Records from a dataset
++++
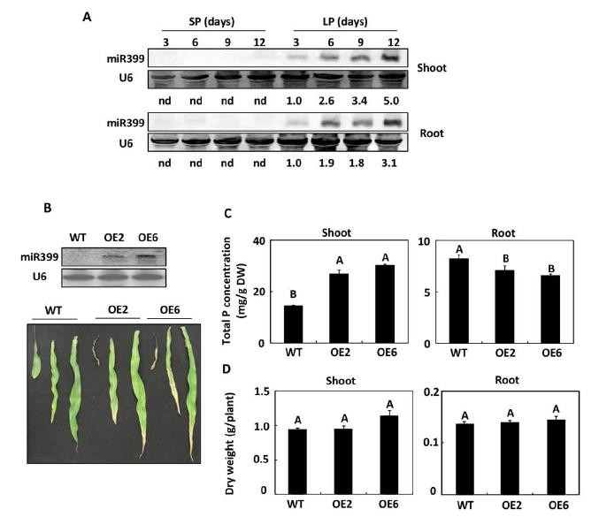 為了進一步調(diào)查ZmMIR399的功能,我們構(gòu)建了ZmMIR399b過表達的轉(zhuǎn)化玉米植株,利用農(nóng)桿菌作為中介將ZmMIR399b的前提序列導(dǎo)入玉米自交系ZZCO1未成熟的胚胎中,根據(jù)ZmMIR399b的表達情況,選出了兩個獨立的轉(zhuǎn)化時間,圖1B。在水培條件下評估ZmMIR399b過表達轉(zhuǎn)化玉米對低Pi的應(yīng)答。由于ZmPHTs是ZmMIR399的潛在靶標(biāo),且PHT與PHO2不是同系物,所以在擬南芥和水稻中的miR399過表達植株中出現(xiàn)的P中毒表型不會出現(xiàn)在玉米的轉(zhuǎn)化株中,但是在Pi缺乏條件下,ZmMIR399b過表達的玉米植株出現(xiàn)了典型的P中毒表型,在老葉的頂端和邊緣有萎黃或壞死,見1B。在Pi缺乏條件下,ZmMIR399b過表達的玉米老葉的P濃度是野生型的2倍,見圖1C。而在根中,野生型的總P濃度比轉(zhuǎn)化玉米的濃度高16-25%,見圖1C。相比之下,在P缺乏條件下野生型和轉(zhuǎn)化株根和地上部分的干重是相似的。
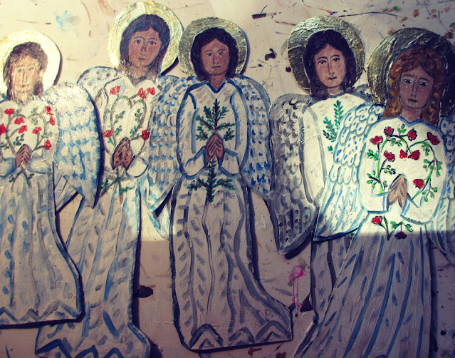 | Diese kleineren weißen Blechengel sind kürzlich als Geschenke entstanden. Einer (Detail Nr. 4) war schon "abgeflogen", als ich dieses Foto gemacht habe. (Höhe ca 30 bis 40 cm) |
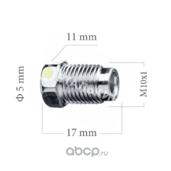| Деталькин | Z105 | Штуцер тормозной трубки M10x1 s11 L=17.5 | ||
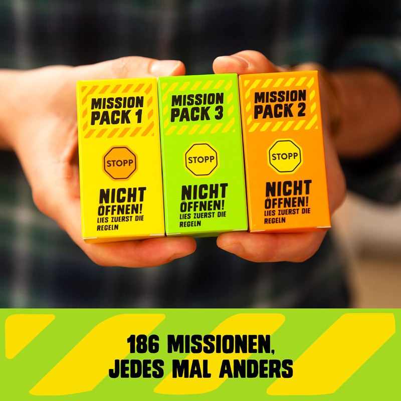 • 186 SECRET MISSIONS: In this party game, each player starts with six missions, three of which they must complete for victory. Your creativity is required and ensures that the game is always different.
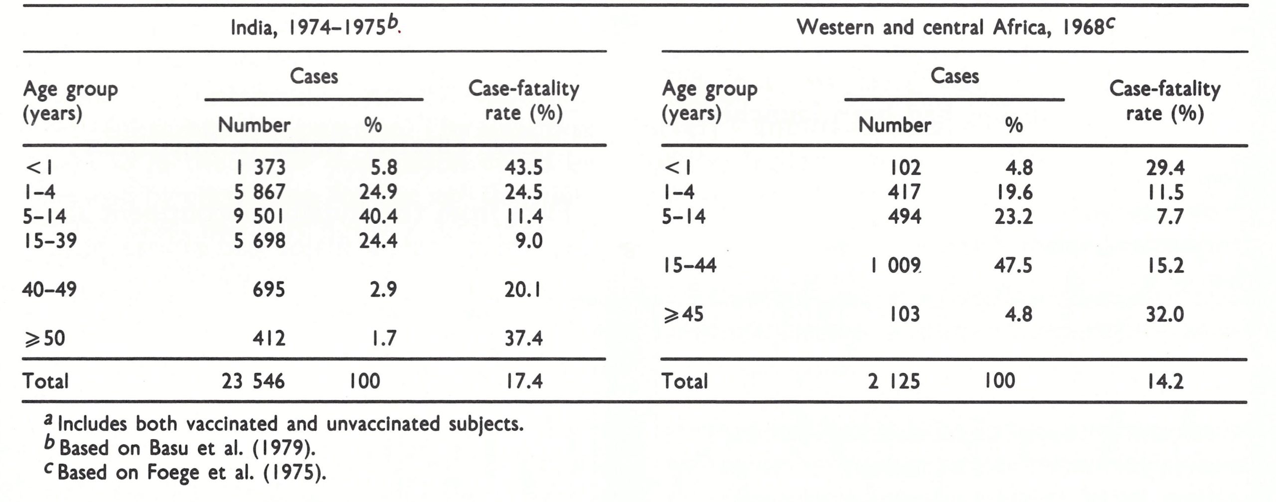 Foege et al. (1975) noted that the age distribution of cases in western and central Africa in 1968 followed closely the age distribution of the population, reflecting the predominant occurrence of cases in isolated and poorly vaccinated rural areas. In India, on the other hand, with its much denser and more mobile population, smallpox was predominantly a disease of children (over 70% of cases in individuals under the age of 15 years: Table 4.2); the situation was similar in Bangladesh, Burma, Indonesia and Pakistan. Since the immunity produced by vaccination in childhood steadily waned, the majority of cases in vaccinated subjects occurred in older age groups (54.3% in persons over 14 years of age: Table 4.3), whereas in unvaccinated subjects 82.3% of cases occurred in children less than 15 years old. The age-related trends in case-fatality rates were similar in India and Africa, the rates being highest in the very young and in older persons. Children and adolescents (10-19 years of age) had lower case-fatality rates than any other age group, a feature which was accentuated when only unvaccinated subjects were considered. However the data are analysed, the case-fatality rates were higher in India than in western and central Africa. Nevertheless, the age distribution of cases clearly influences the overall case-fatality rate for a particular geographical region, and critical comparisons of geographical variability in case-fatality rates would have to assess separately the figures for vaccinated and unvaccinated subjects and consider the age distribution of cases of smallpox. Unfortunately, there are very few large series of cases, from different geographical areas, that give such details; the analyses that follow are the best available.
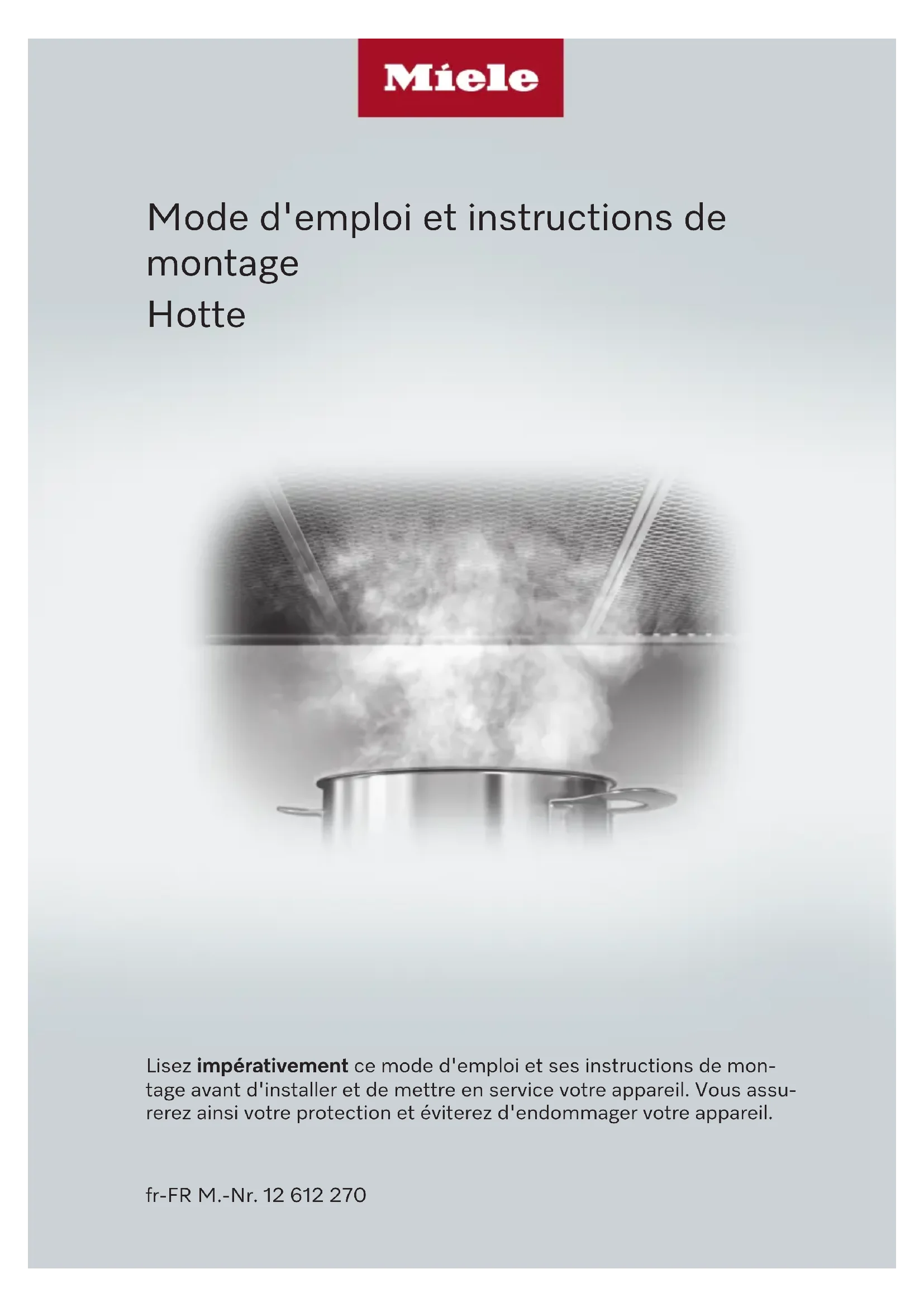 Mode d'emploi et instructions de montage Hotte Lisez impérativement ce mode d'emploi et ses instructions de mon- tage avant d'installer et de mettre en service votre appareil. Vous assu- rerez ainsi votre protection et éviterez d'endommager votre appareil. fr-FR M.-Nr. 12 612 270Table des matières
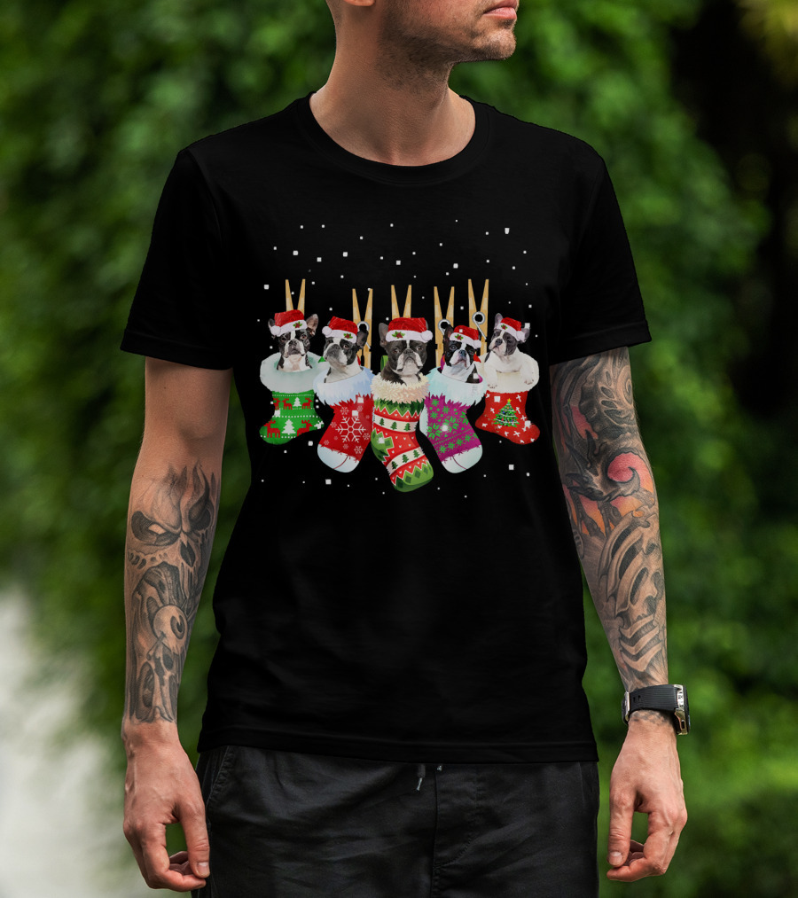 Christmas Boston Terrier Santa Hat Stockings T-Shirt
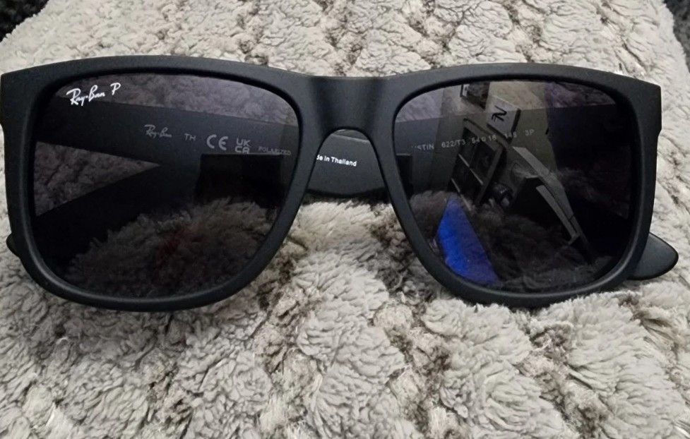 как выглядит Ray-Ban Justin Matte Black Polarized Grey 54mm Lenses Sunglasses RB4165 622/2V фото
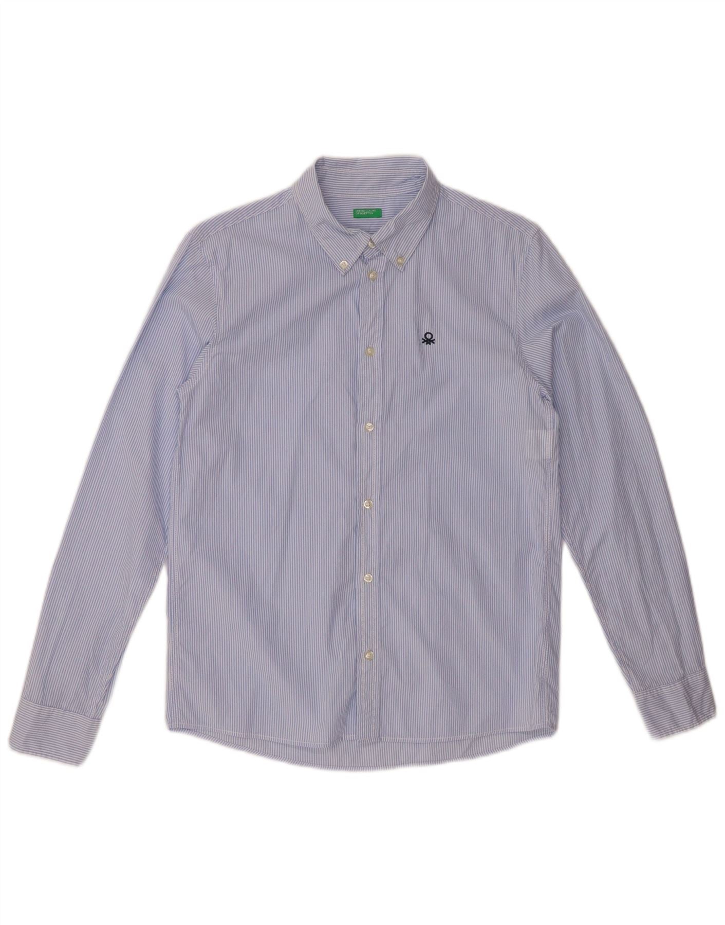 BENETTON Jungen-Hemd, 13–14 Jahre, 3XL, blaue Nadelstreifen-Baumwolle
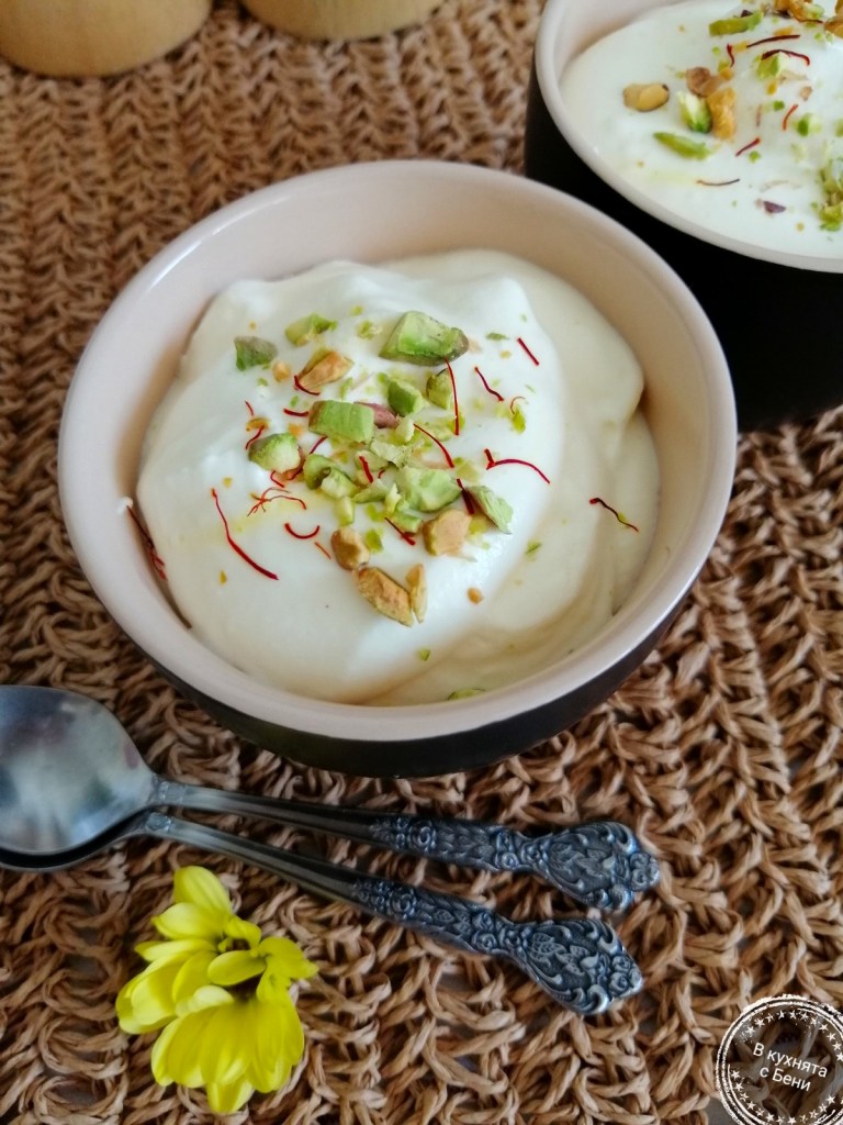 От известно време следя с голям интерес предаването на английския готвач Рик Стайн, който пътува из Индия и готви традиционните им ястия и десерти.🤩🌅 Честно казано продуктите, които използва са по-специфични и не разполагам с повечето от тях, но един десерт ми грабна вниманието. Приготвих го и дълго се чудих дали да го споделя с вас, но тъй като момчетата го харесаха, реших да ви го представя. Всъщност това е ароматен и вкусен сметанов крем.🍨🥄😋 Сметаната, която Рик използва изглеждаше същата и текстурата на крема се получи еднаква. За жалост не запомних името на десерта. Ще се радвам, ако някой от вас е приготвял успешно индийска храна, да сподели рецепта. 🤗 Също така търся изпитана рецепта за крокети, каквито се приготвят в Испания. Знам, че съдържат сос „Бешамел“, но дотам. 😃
++++
Problem> Look above for the line with "s11 L=17.5 | ||", then give again exactly every line from there through the line with "is always different.", skipping the pictures.

Response to this exercise>
| Деталькин | Z105 | Штуцер тормозной трубки M10x1 s11 L=17.5 | ||
 • 186 SECRET MISSIONS: In this party game, each player starts with six missions, three of which they must complete for victory. Your creativity is required and ensures that the game is always different.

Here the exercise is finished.